Rappelons les faits. En juin 2013, nous étions en pleine période (très agitée) de contestation de la "loi Taubira" légalisant les mariages homos. Trois jeunes patriotes se sont rendus à une vente privée de vêtements dans le quartier Saint-Lazare à Paris. Ils ont croisé un excité "antifa", Clément Méric, qui les a reconnus. Celui-ci a rameuté ses amis et la petite bande a agressé avec une grande violence les jeunes patriotes qui se sont défendus comme ils l’ont pu. L'un d'entre eux, attaqué par derrière, a repoussé Clément Méric dont la tête a heurté un poteau. Le jeune homme est mort. Paix à son âme. Aussitôt, la gauche et l'extrême gauche se sont mobilisées pour faire de Méric un martyr de "la résistance antifasciste". Comme d’habitude, le pouvoir en place a cédé à leurs injonctions, plusieurs organisations nationalistes ont été dissoutes et deux des jeunes gens agressés ont été jetés arbitrairement en prison pour plusieurs années.
À Lyon, il en est allé tout autrement et il est à craindre que les suites du drame soient bien moins médiatisées et beaucoup plus "modestes". Il serait bon que les commentateurs serviles qui encombrent les plateaux TV arrêtent de confondre agresseurs et agressés. Mais il est vrai que beaucoup sont sous emprise idéologique et que bien peu ont été confrontés à l'adversité physique et aux réalités militantes sur le terrain.
• Une dernière chose : les mots ont un sens et il est pénible, souvent, d'entendre certains, y compris et surtout dans notre famille politique, se laisser aller à reprendre une rhétorique galvaudée.

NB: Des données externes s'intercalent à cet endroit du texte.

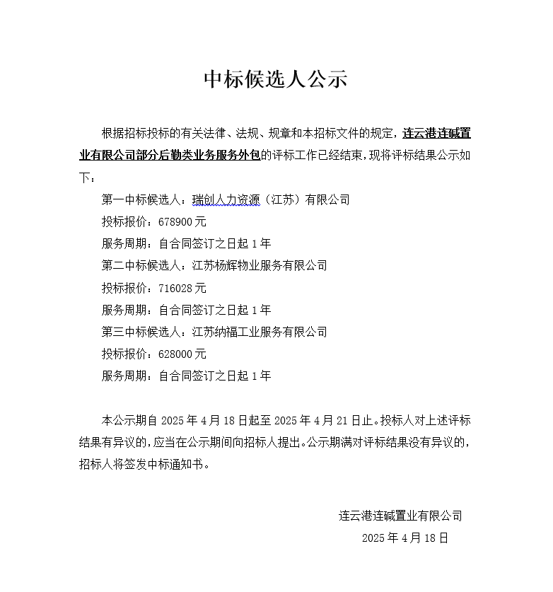 連云港連堿置業(yè)有限公司部分后勤類業(yè)務(wù)服務(wù)外包中標(biāo)候選人公示
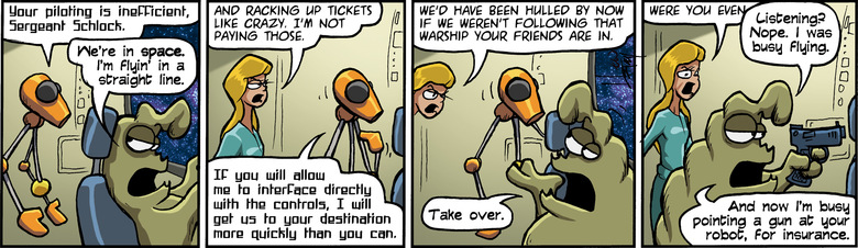 BURANA-BOT: Your piloting is inefficient, Sergeant Schlock.
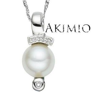 Platinum Over Solid Sterling Silver Diamonds and Pearl 18 Inch Designer Necklace
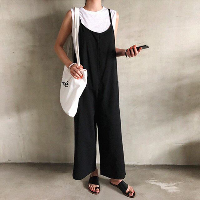 【予約販売】サロペット レディース オールインワン パンツ ワイドパンツ サスペンダー ルーズ ゆったり 無地 通勤 通学 オフィス OL 可愛い おしゃれ ブラック ベージュ こなれ感 韓国
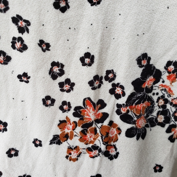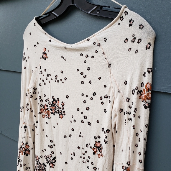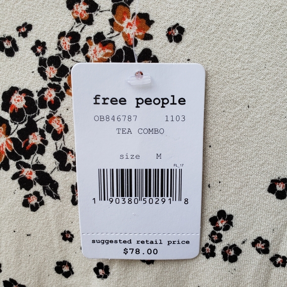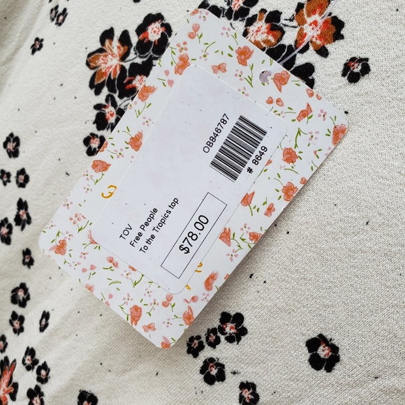 Brand new with tags Free People "To the Tropics" top in the "tea combo" color (cream background with black and orange allover floral pattern). Size medium. A wide bateau neck gracefully frames this versatile top with stylish blouson sleeves and a curved hemline. Fitted bodice with loose sleeve ends. Fabric is very soft and stretchy - 95% rayon, 5% spandex. Comes from a non-smoking home.
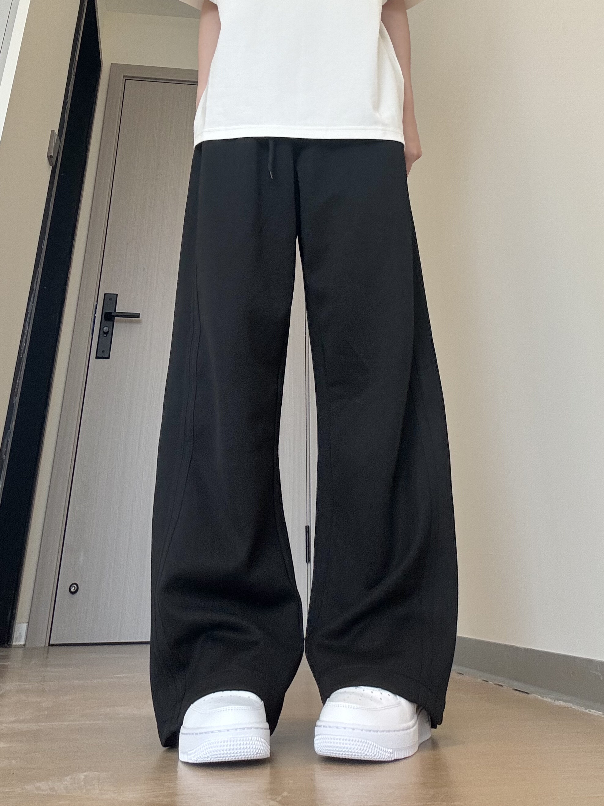 美式重磅条纹运动卫裤男秋冬潮牌宽松直筒百搭垂感阔腿休闲长裤子
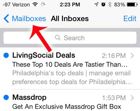 ステップ2:タッチしますメールボックス画面の上部のボタン(そこにある場合)。
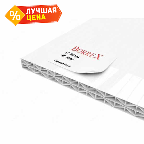 Сотовый поликарбонат 20 мм BORREX опал 2100х6000 мм - это прочный и легкий материал, который отлично подходит для использования в различных строительных и дизайнерских проектах. Поликарбонат обладает высокой прочностью и устойчивостью к воздействию внешних факторов, что делает его идеальным выбором для создания крыш, навесов, ограждений и других конструкций.
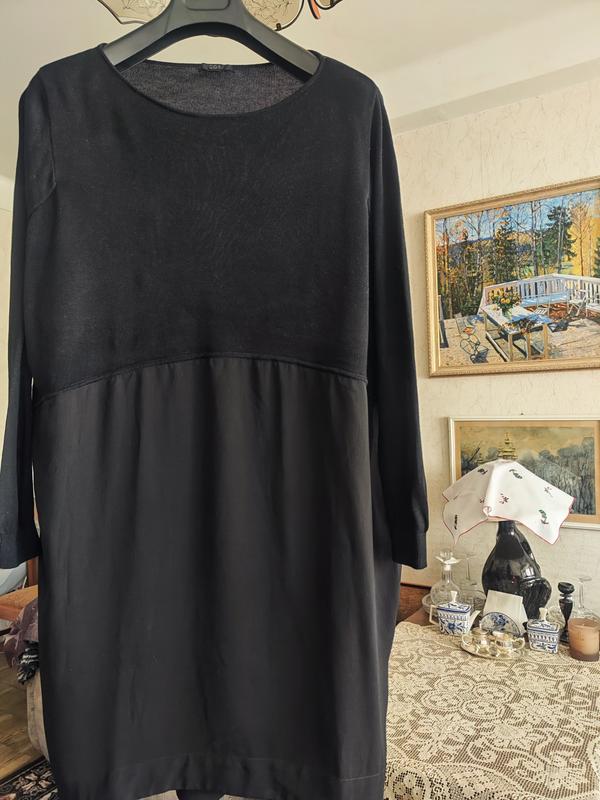 платье от cos черного цвета с длинным рукавом, верх из трикотажа низ из искусственного шёлка, силуэт прямой и объемный, размер S подойдёт на М

Prenons le terme de "fasciste". Celui-ci, mis à toutes les sauces depuis la fin de la Seconde Guerre mondiale, est devenu l'une des "insultes" préférée de la pensée conforme pour disqualifier ses adversaires. On a eu "Poujadolf" dans les années 1950, "OAS-SS" au début des années 1960, "Or-dre-nou-veau, Or-dre-na-zi" en 1970-1973, "F comme fasciste, N comme nazi" après la percée du Front national de Jean-Marie Le Pen au milieu des années 1980... j'en passe, et des pires. Il est vrai que Staline, ce grand "démocrate" devant l'Éternel, avait donné la consigne à ses sbires de dénoncer comme "fascistes" tous ceux qui auraient la prétention de s'opposer à l'impérialisme communiste…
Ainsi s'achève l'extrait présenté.